Given the speed with which the various metals decreased RER, kinematic analyses were used to examine Hg further – this being a metal that binds strongly to both hard and soft ligands (Fig. 1). It was found that RER decreased by 50% within ca. 40 min. Importantly, for this initial rapid decrease in RER, the decrease in MEER tended to be greater than the decrease in the LEZ (Figs. 6 and 7). Interestingly, LEZ tended to decrease steadily to a value of ca. 30–40% of the original value (i.e. LEZ decreased from 6.9 mm to ca. 2.0–2.5 mm, Fig. 6), but in contrast, MEER tended to vary somewhat. For example, although MEER decreased rapidly upon initial exposure, the consistent (slight) increase in RER after 1.75 h was due to an increase in MEER, and the gradual increase in RER from 3 to 12 h was also due to an increase in MEER (Fig. 6 and 7). Changes in the LEZ involve the addition or subtraction of cells undergoing elongation (Baskin 2013) and is thus related to cell division. In contrast, responses in which MEER changes while the LEZ stays constant are known to reflect a direct influence at the level of the expansion mechanism (Baskin 2013). Thus, it is clear that the rate at which cells are elongating plays a crucial role in the expression of the toxic effects of at least some metals, as shown here for Hg.

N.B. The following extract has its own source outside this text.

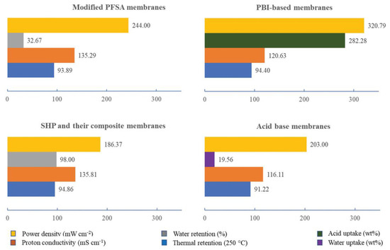 Figure 4 shows various membranes of proton exchange used in HT-PEMFCs, with all parameters’ average values derived from an analysis of ten randomly selected articles [

Finally, although not considered in detail here, careful consideration needs to be given to the impact of solution composition on RER. For example, the gradual increase in RER for roots exposed to Ag and Hg (Figs. 5 and 7) can presumably be attributed, at least in part, to decreases in their solution concentrations over the 48 h experimental period (Supplementary Table S2). Changes in solution composition will impact upon root elongation. It is also possible, however, that the gradual increase in RER for roots exposed to Ag and Hg (Figs. 5 and 7) can be attributed to physiological resistance mechanisms. Further study is required in this regard.

Conclusions

Despite their wide range of properties, all nine treatments examined caused similar changes in root morphology, with the root cylinder swelling in the zone of elongation. This non-specific symptom that forms upon a decrease in RER is possibly associated with the effects of ethylene or auxin, although more studies are required in this regard. A second symptom was observed in roots exposed to Ag, Al, Cu, and Hg, being a tearing and rupturing of the outer tissues of the root cylinder associated with an inhibition of wall loosening in these outer cells. The decrease in RER upon exposure to the various metals was rapid – for the treatments sufficient to reduce RER by 50% over 48 h, RER decreased by an average of 37 to 100% within only 0–4 h after exposure. The speed of the decrease in RER suggests that this initial reduction in RER is associated with a reduction in cell elongation rate rather than cell division. Finally, kinematic analyses were used to more closely examine the effects of Hg toxicity in 5 min intervals. It was found that RER decreased by 50% after only 40 min, with this decrease in RER initially due primarily to a decrease in the rate at which cells were elongating in the elongation zone (i.e. MEER) rather than a decrease in the length of the elongation zone. The information provided here will assist in understanding the mechanisms by which toxic levels of metals reduce root elongation.